- SUPPLIED MATERIAL -

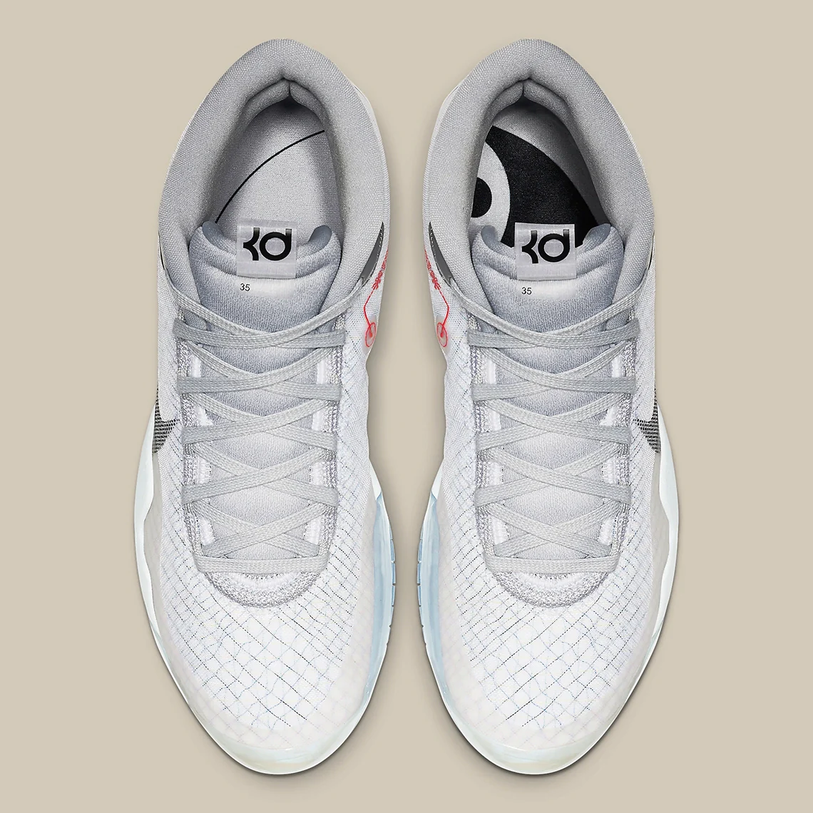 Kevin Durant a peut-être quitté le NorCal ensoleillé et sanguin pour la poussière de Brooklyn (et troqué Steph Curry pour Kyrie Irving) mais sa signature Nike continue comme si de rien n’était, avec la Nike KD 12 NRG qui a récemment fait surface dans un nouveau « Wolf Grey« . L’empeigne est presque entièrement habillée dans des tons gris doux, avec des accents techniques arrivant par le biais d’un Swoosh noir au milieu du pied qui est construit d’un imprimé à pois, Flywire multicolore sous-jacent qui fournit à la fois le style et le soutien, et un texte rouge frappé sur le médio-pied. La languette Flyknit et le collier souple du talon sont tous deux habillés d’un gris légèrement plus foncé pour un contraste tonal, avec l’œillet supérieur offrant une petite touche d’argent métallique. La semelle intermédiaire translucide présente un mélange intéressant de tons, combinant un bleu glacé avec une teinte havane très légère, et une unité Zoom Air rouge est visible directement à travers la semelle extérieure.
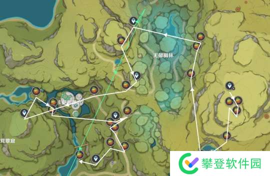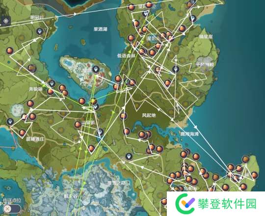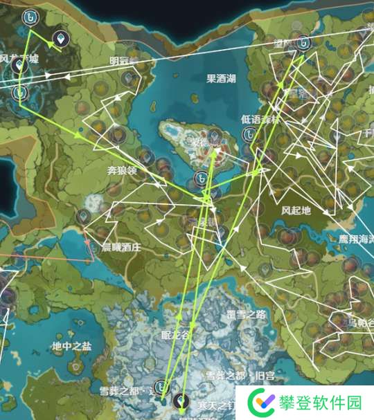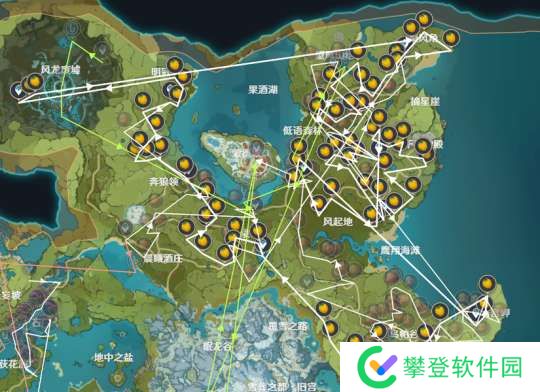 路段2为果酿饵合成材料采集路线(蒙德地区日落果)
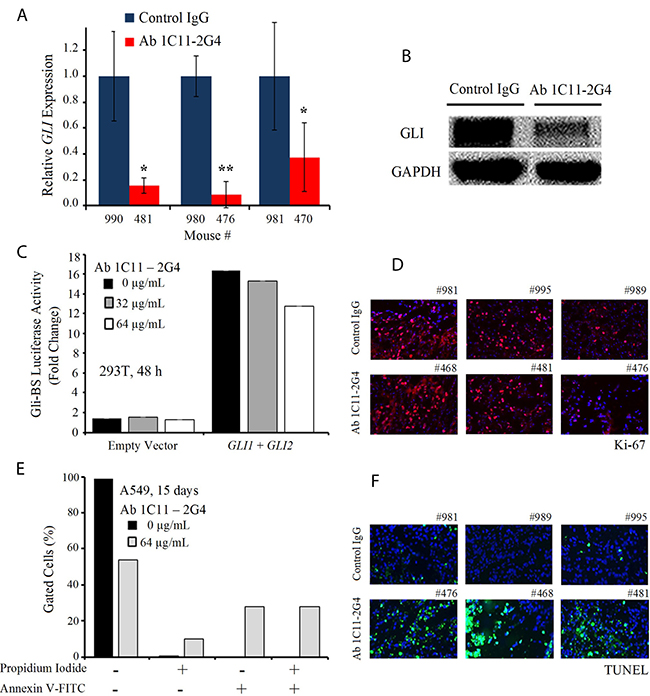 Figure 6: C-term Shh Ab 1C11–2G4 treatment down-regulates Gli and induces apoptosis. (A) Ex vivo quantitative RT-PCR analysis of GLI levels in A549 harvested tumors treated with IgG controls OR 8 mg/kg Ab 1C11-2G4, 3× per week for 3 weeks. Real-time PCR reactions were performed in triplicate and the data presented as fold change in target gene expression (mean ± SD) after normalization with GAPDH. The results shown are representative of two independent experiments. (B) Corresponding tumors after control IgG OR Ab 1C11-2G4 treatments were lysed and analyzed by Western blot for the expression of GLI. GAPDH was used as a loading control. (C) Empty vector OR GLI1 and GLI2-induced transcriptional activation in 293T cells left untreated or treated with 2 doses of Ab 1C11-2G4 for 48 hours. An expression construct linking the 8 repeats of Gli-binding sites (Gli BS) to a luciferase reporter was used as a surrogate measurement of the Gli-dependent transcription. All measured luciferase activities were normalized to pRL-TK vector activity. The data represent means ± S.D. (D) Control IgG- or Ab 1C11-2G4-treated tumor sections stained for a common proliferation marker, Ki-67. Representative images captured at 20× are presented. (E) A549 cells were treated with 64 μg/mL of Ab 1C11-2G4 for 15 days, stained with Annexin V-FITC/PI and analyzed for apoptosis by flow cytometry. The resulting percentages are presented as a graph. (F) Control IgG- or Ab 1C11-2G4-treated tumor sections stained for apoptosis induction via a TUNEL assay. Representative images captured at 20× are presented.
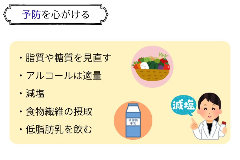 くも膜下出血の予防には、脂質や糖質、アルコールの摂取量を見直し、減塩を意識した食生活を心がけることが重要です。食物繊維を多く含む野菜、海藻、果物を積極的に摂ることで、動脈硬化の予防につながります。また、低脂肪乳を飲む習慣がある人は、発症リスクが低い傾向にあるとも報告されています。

- PROBLEM STATEMENT -
Starting with the opening line of the listing, write out each line exactly until the line that contains "路段2为果酿饵合成材料采集路线(蒙德地区日落果)" has been included; skip the pictures.

- RESULT FOR THIS TASK -
 Kevin Durant a peut-être quitté le NorCal ensoleillé et sanguin pour la poussière de Brooklyn (et troqué Steph Curry pour Kyrie Irving) mais sa signature Nike continue comme si de rien n’était, avec la Nike KD 12 NRG qui a récemment fait surface dans un nouveau « Wolf Grey« . L’empeigne est presque entièrement habillée dans des tons gris doux, avec des accents techniques arrivant par le biais d’un Swoosh noir au milieu du pied qui est construit d’un imprimé à pois, Flywire multicolore sous-jacent qui fournit à la fois le style et le soutien, et un texte rouge frappé sur le médio-pied. La languette Flyknit et le collier souple du talon sont tous deux habillés d’un gris légèrement plus foncé pour un contraste tonal, avec l’œillet supérieur offrant une petite touche d’argent métallique. La semelle intermédiaire translucide présente un mélange intéressant de tons, combinant un bleu glacé avec une teinte havane très légère, et une unité Zoom Air rouge est visible directement à travers la semelle extérieure.
 路段2为果酿饵合成材料采集路线(蒙德地区日落果)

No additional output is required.